Men want to solve the problem or minimise the problem and forget it. When a man is under stress he thinks 'what should we do, what can we do?' Gray says this is what a man's brain goes to first when stress occurs. "In a sort of detached way, men analyse it, they look at it and dismiss it to some extent and this is a huge turn-off to women," he says.
This is one thing in a relationship, but a potentially more dangerous issue for a business. Gray says imagine a business setting, where a woman brings up an issue and a man quickly wants to explain it away with something like: 'Oh no, we can handle that, we've dealt with that before.' And then she says: 'No, no, this is different.' And the man says: 'No really, I've handled it before, we'll be fine with not worrying about that one.' "The end result could be that she is going to have a whole wall put up against him. She won't trust him, appreciate him and will go against him," Gray says.

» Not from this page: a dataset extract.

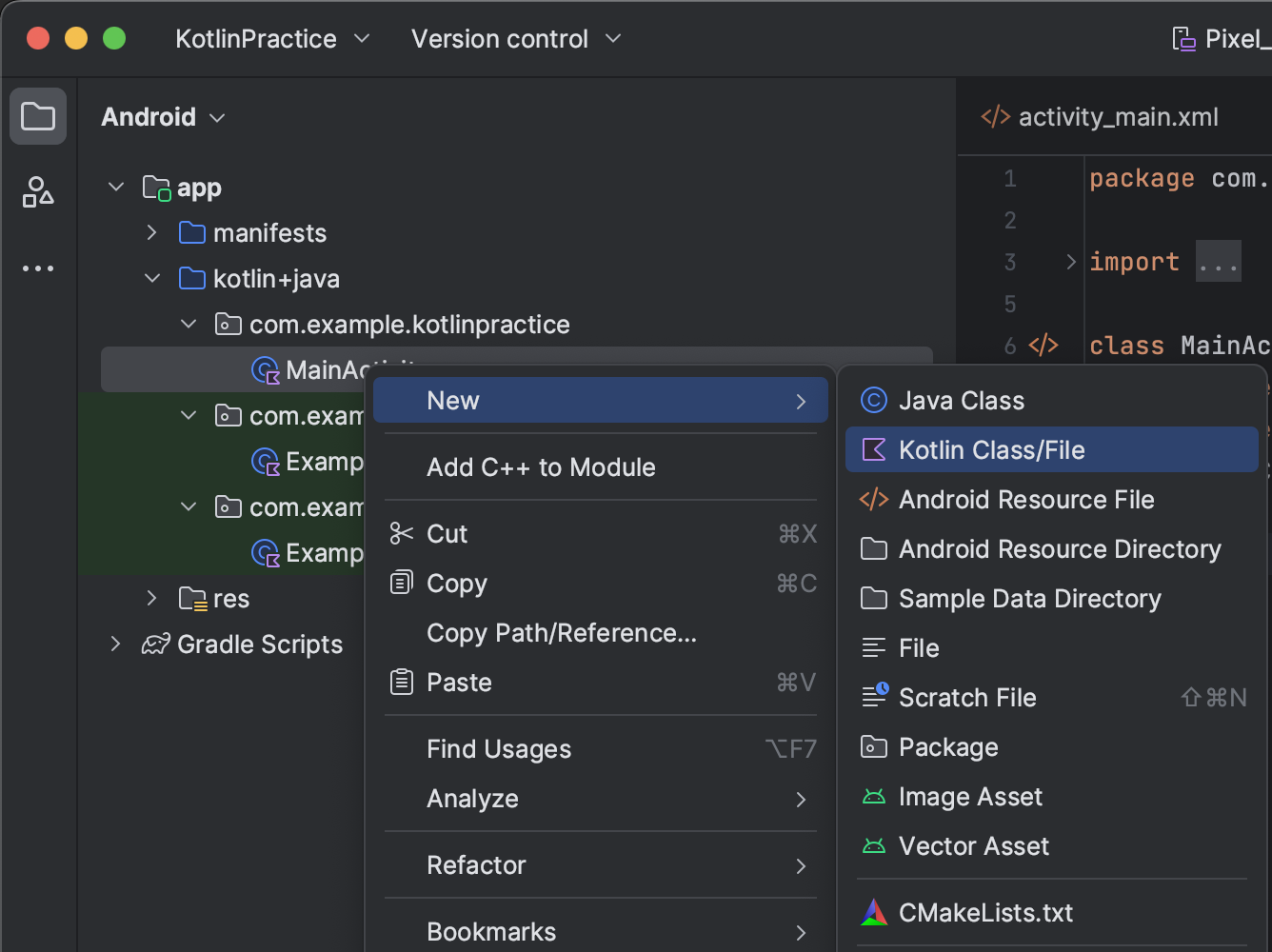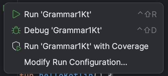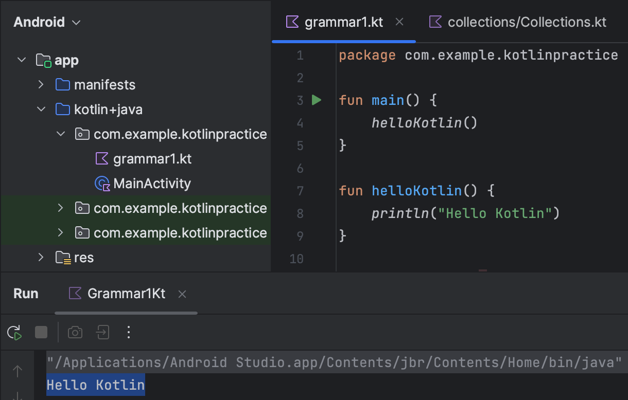fun main() 옆에 ▶︎ 화살표를 클릭하면 Run 할 수 있다.

The irony is that the man thinks he has solved a problem when he has created another one by simply assuming a man and woman can cope with a male solution. Having the Men are from Mars, Women are from Venus knowledge shaping leadership decisions could minimise small problems, helping to keep the focus on the more important business challenges.
For the guys, this is a key Gray message. "In practical terms, when a woman raises an objection, listen more, ask more questions and reflect back an understanding of what she just said and you will build trust with her," he says.
Of course, there's a lot more to learn for both men and women about men and women who want success in business, but the starting point is that our brains are wired differently and some expert help wouldn't hurt.
Article by MFAA (www.mfaa.com.au)
1 comments:
As a qualified expert, I was worried when I read this blog. I've met few qualified psychologists who buy the premise of John Gray's book, "Men are from Mars". This book provided men with the excuse they needed to blame their biology for their poor behaviour. It ignores two critical factors:
1) Our brains' wiring is fluid, not fixed. If we change the way we think, we alter the way our brains operate.
2) Social norms and power structures have far more to do with differences between the sexes than biology. In fact, there are more differences within the sexes than there are between the sexes.
Thinking that the way things are is the way they have to be has been the foundation of oppressors since time out of mind. Please don't validate a book, and a philosophy, that promotes this way of thinking!